J=1 wherein, 2 ..., n; I=j+1 ..., n.m _Ij ^kInitial value be:

m_{ij}^{1} = a_{ij} - l_{i 1} l_{j}^{1} .

By (2), (3) and (6) formula, the element l of matrix L _JjAnd l _IjCan calculate component m by the j-1 time _Ij ^J-1Calculate:

l_{jj} = {(m_{jj}^{j - 1})}^{1 / 2} - - - (7)

l_{ij} = (m_{ij}^{j - 1}) / l_{jj} - - - (8)

Its initial value is:

l_{11} = a_{11}^{1 / 2}

And l _I1=a _I1/ l ₁₁(i=2,3 ..., n).

Cholesky decomposition algorithm device

Please refer to Fig. 1, is a kind of cholesky decomposition algorithm device provided by the present invention, and it is applied in the joint-detection of terminal device of TD SDMA.This cholesky decomposition algorithm device can carry out cholesky to the matrix of a maximum 32 * 32 and decompose, that is, this matrix can be expressed as the form of (1) formula, just one 32 rank symmetric positive definite matrix A.For this matrix A, there is a lower triangular matrix L in it, makes A=LL ^H, the number on the L diagonal of a matrix all is an arithmetic number.The element l of matrix L _JjAnd l _IjCan calculate component m by the j-1 time _Ij ^J-1Calculate, as (7) and (8) formula.

This cholesky decomposition algorithm device 10 comprises: storer 11, two parallel component calculation unit 12, a

multiplexer

13,14, one square root reciprocal unit 15, a normalization unit and diagonal angle multipliers 16.

In the present embodiment, the amount of capacity of this storer 11 is 64 * 32 bits, and storer is used for storing the l of previous column _IkThe l that has just calculated with these row _{I, (k+1)}, with as calculating m _Ij ^kInput, its size only needs storage 2nNumber, and can alternately cover use, can be multiplexing for each component at former input a _IjStorer in.Wherein, n represents the dimension of positive definite matrix.Certainly, when all bigger matrix operation of the quantity of carrying out row, column, can adopt the more storer of large storage capacity.

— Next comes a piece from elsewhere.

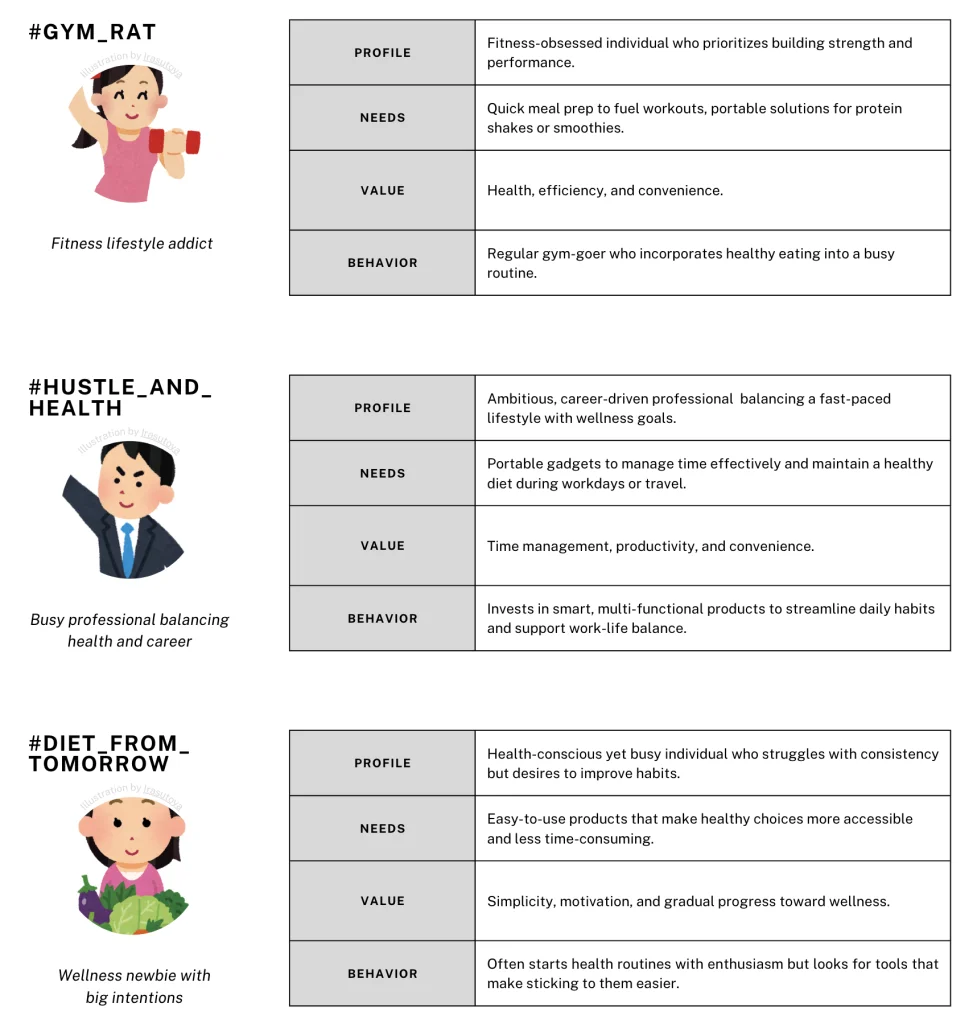 Based on the previous market survey, we developed target market personas to shape our brand identity and inform user experience design.

Each component calculation unit 12 is made up of a complex multiplier 121 and a plural totalizer 122, is used to finish the calculating of component, and this component can be that the row component also can be the row component.Calculate for convenience, the present invention describes with the example that is calculated as of row component.Component on the matrix column can carry out complex multiplication operation here earlier, carries out plural accumulation calculating then, obtains the result of calculation shown in (6) formula.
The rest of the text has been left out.